The same question—whether women with the same contribution as men are less likely to be credited—can be asked a different way: conditional on being credited, did women contribute more than men? Accordingly, we asked authors to indicate what they did to earn authorship on one of their most recent publications using the standardized contributions identified by Project Credit22. The results, reported in Fig. 5 and in Supplementary Fig. 7, are consistent: on average, women have to do more than men to be included as an author (2,297 individuals responded: 1,371 men and 926 women). A simple unweighted count of total contributions reported shows that women report a total 6.34 contributions on average compared with 6.11 for men (P = 0.0907; two-sided t-test; test value = −1.6925; effect size = −0.2376). Women report making significantly more contributions in conceptualization (64.99% of men versus 68.36% of women; P = 0.0937; two-sided t-test; test value = −1.6767; effect size = −0.0337), data curation (37.42% of men vs. 44.38% of women; p = 0.0008; two-sided t-test; test value = −3.3467; effect size of −.0697), writing the original draft (45.73% of men versus 52.48% of women; p = 0.0015; two-sided t-test; test value = −3.1813; effect size = −0.0675) and reviewing and editing (82.57% of men versus 86.18% of women; p = 0.0205; two-sided t-test; test value = −2.3178; effect size = −0.0361). The only category in which men reported a greater contribution was software (18.31% of men versus 11.67% of women; p = 0.0000; two-sided t-test; test value = 4.3174; effect size = 0.0664). There is no significant difference between men and women in either formal analysis (49.23% of men versus 51.94% of women; P = 0.2028; two-sided t-test; test value = −1.2740; effect size = −0.0271) or project administration (32.82% of men versus 35.75% of women; P = 0.1471; two-sided t-test; test value = −1.4504; effect size = −0.0292).
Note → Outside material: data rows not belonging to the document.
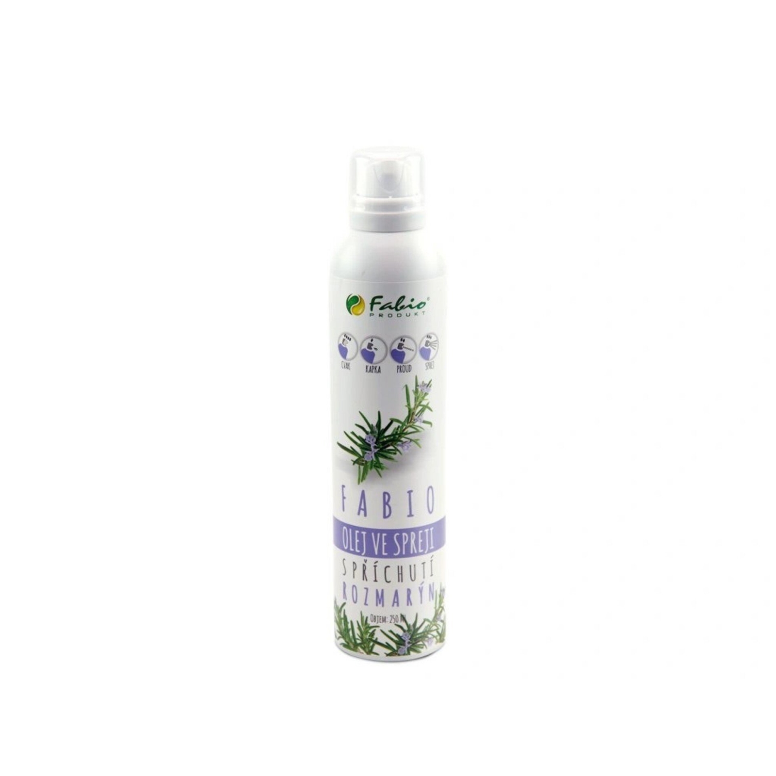 Olej v spreji Fabio s príchuťou rozmarínu je repkový olej ochutený extraktom korenia. Repkový olej je vhodný na každodenné použitie najmä vďaka priaznivému zloženiu mastných kyselín – konkrétne vysokému obsahu omega-3 nenasýtených mastných kyselín. Vďaka aplikácii pomocou spreja rovnomerne rozprestriete olej po celom jedle, pričom ďalšie 2 režimy rozprašovania (kvapka, prúd) vám výrazne uľahčia varenie.
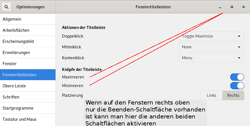 | Ich persönlich brauche diese Schaltflächen aber nicht und ich habe mich von der Windows-Konditionierung gelöst. |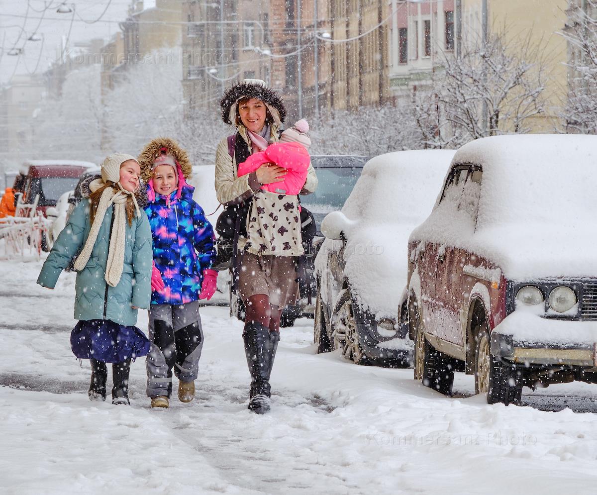 Жанровая фотография. Снегопад в городе. Женщина с детьми идет по улице во время снегопада.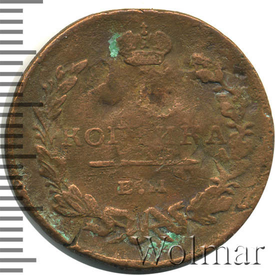Реверс монеты 1 копейка 1819 года ЕМ-НМ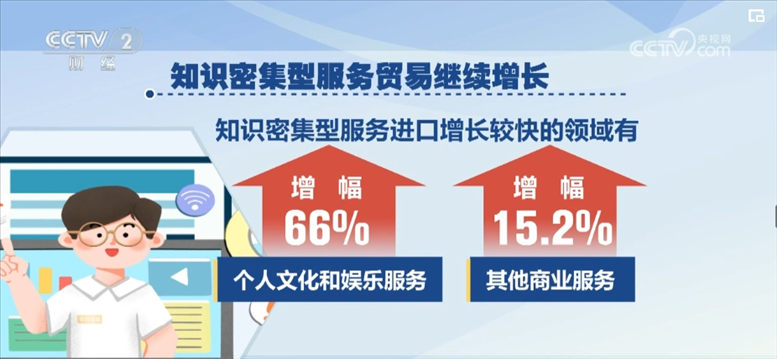 知識(shí)密集型服務(wù)貿(mào)易繼續(xù)增長(zhǎng)。2024年一季度,知識(shí)密集型服務(wù)進(jìn)出口7332.6億元,增長(zhǎng)5.6%。其中知識(shí)密集型服務(wù)出口增長(zhǎng)較快的領(lǐng)域有知識(shí)產(chǎn)權(quán)使用費(fèi)、個(gè)人文化和娛樂(lè)服務(wù),增幅分別為34.4%、19%;知識(shí)密集型服務(wù)進(jìn)口增長(zhǎng)較快的領(lǐng)域有個(gè)人文化和娛樂(lè)服務(wù)、其他商業(yè)服務(wù),增幅分別為66%、15.2%。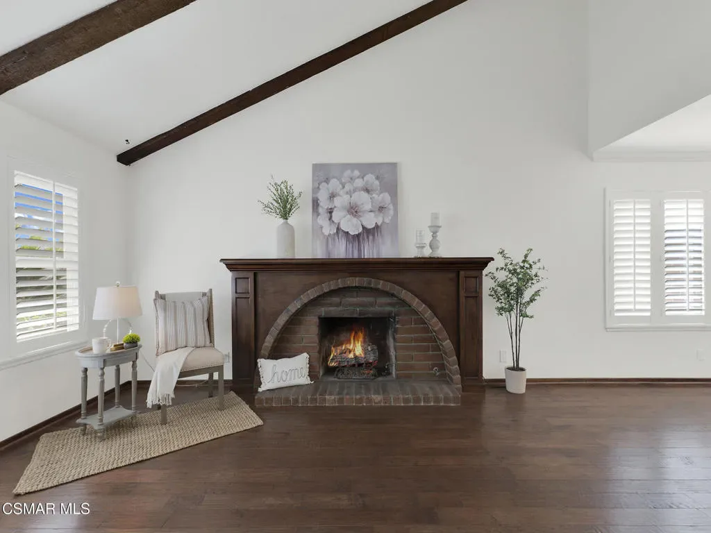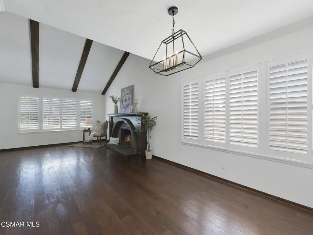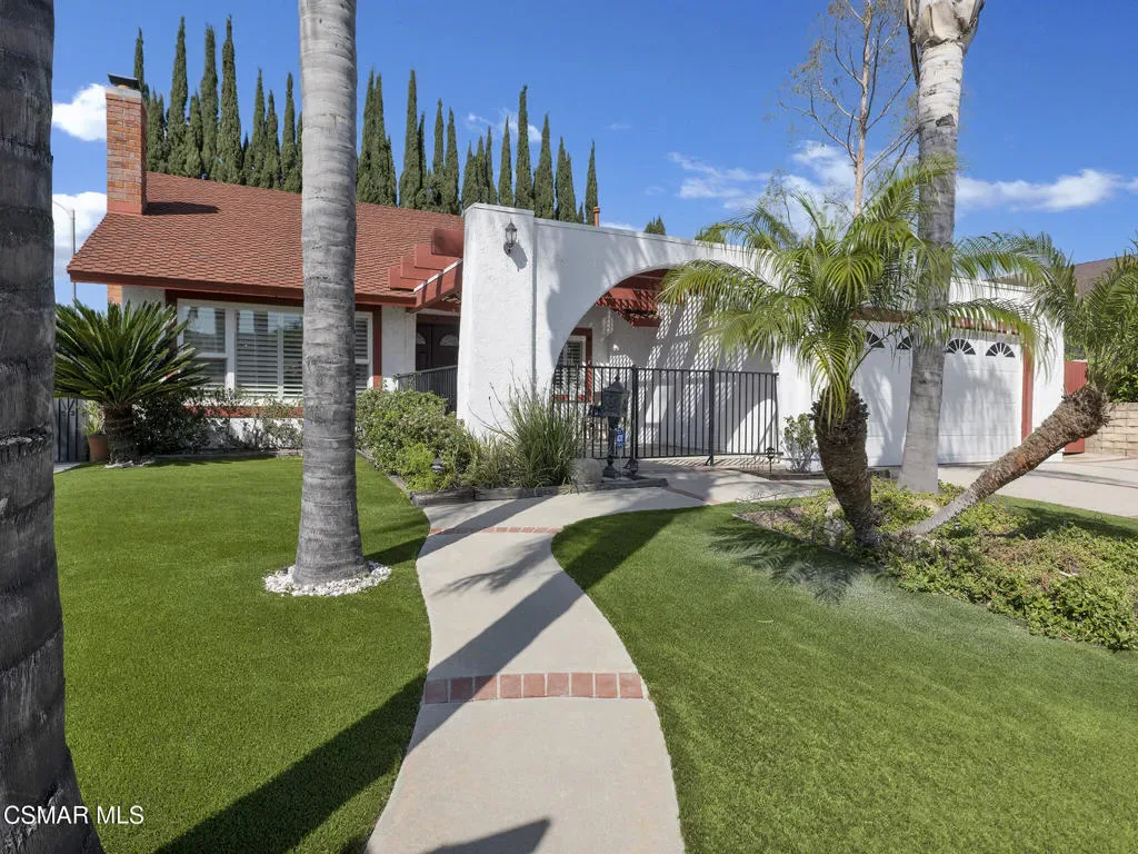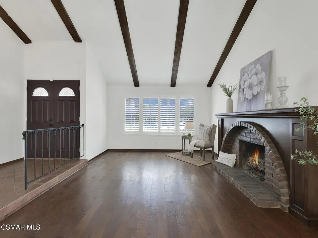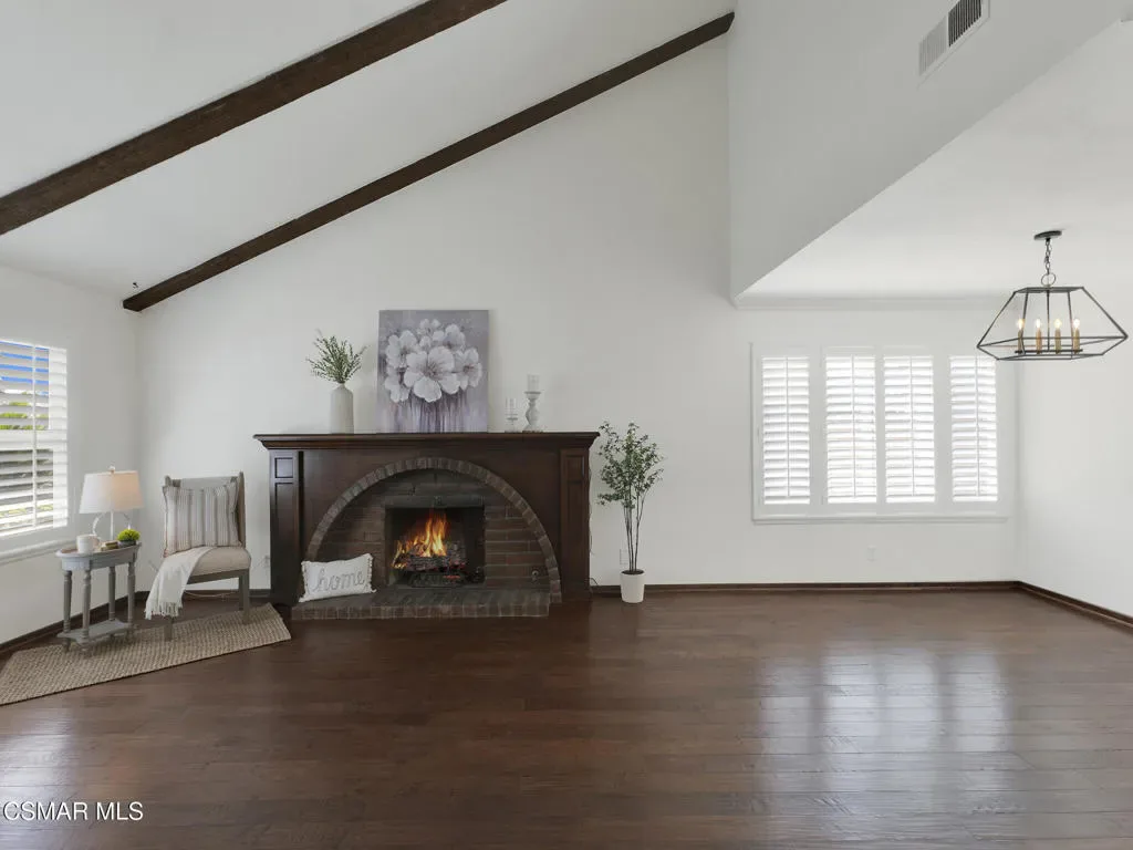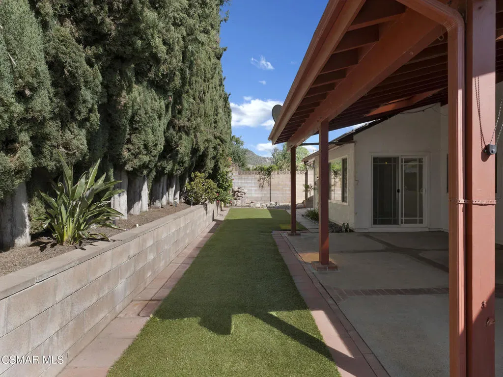 Welcome home to this beautifully updated single-story residence in the desirable east end of Simi Valley, where comfort, style, and exceptional curb appeal come together effortlessly. Surrounded by scenic mountain views, this charming home showcases thoughtful upgrades and inviting living spaces throughout.Step inside to a bright and airy living room featuring rich wood-like flooring, neutral designer paint, soaring vaulted ceilings with striking wood beams, and an oversized brick fireplace that serves as a stunning focal point-perfect for cozy evenings at home. A dramatic living room with expansive sliding doors opens seamlessly to the backyard, creating the ideal indoor-outdoor living experience.The light-filled kitchen is both functional and stylish, offering granite countertops, a charming garden window, and a spacious dining area perfect for casual meals and entertaining.Both bathrooms have been tastefully updated with granite and quartz countertops, modern finishes, and designer touches. Highlights include a walk-in shower with custom tile, an oversized sunken tub, and sleek vessel sinks.The generously sized primary suite features vaulted ceilings and direct access to the tranquil backyard, creating a peaceful retreat. Secondary bedrooms are equally spacious, complete with mirrored wardrobes and ceiling fans for year-round comfort.Additional upgrades include solar panels, dual-pane windows, plantation shutters, fresh interior paint, new ceiling fans, and elegant chandeliers that enhance the home’s modern appeal and energy efficiency.Step outside to an oversized wood-covered patio- an inviting space perfect for entertaining or relaxing at the end of the day. The low-maintenance private yard offers ample room to enjoy outdoor living.A standout feature of this property is the expansive paved RV storage–ideal for all your recreational needs.Located near top-rated schools and nestled in one of the most desirable neighborhoods with no HOA, this home offers the perfect blend of beauty, comfort, and convenience.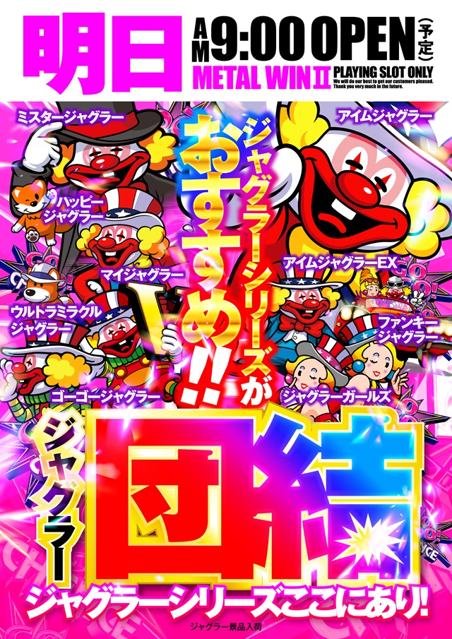 メタルウィンⅡ店舗外海側正面口にて入場整理抽選を予定しておりますので入場整理抽選を希望のお客様は奮ってご参加くださいませ❕❕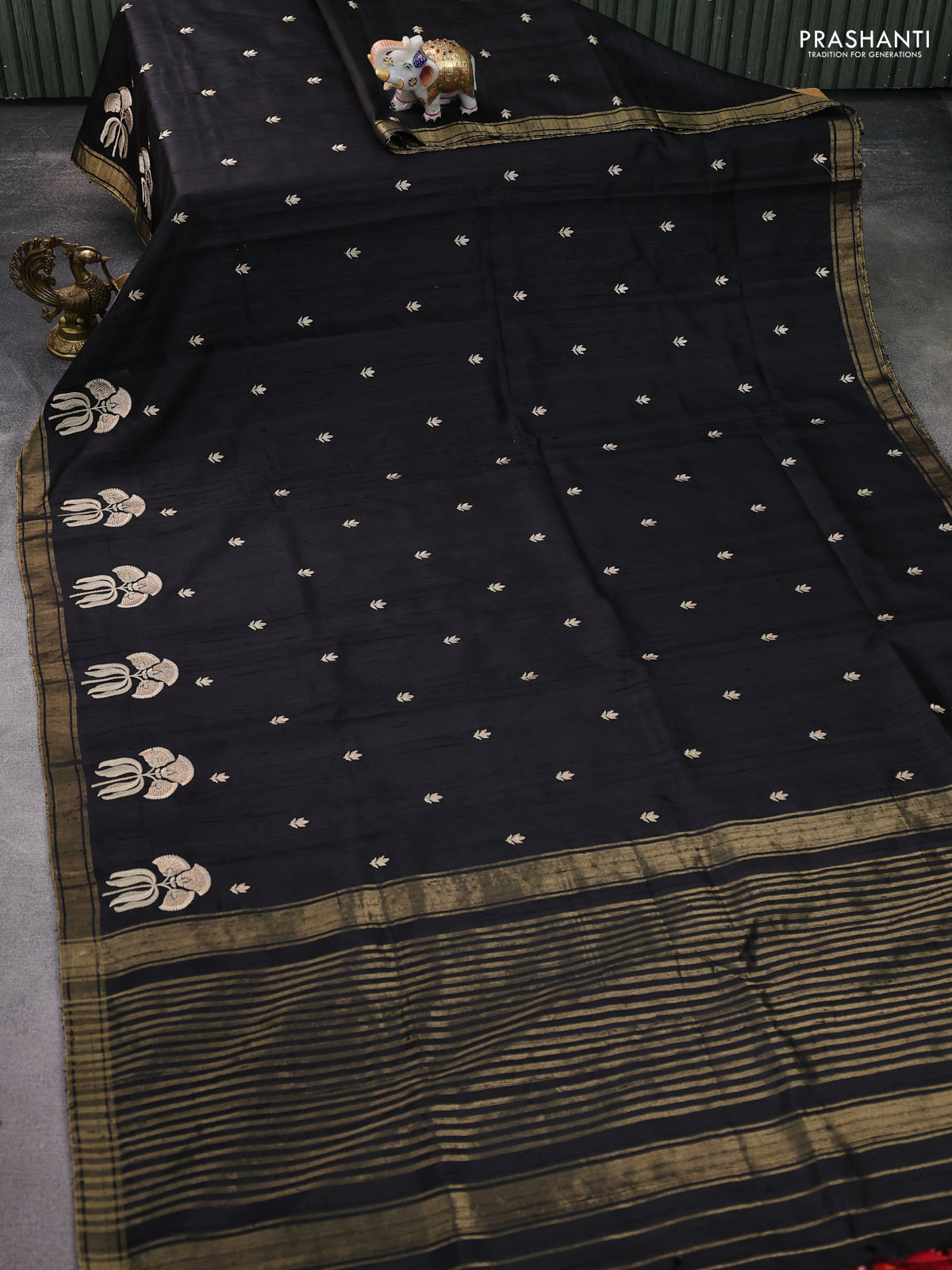 Pure raw silk saree black and red with embroidery buttas and embroidery butta zari border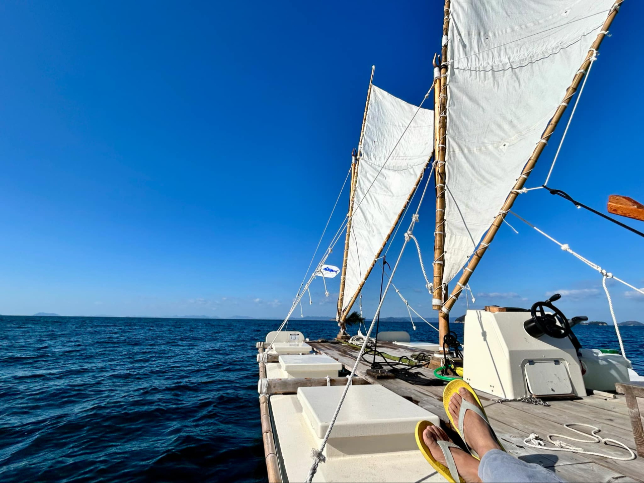 帆走カヌーに乗って秘境のようなビーチへ行きましょう。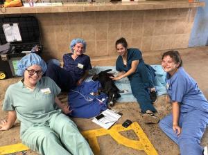 We were up at 5:45 and, as the vets would say, we were all bright, alert, and responsive (well, almost all of us). After a tasty pancake breakfast, we were off for our first day in the clinic. It was amazing to see an old gymnasium transform into a fully functioning surgery suite. Setup took about 20 minutes and then we were assigned our very own patients to follow from intake to recovery, helping and tracking vital signs, calculating medications, and even assisting in surgery.

Fig. 5. Women report making more contributions than men on authored papers.

Fig. 5

We sent a survey to 28,000 scientists who had published in academic journals listed in the Web of Science and who had a public profile in the ORCID database. Of these, 2,297 responded and completed the question (Q1a): ‘How did you contribute to the paper? Check all that apply.’ The graph shows the percentage of these respondents who selected each category. Probability was computed as the arithmetic mean of binary indicators representing whether the respondent selected each category. Each respondent was asked about a paper associated with them on Web of Science. Respondents were able to select more than one option, thus the total number of responses is therefore higher than the number of respondents. Individual data on the contribution by gender are visualized in Supplementary Fig.  8. Error bars are centred on the mean and extend to the 95% confidence interval based on 1.96 × s.e.m.

Attribution and qualitative data

The third source of information was from the voices of scientists themselves. First, the survey permitted open-ended, written responses: 887 such responses were received. Three-hundred and thirty-eight respondents volunteered to be interviewed: 6 (4 women and 2 men) were selected for additional feedback. A number of cross-cutting themes emerged, in addition to expected differences across fields, research teams, countries and seniority.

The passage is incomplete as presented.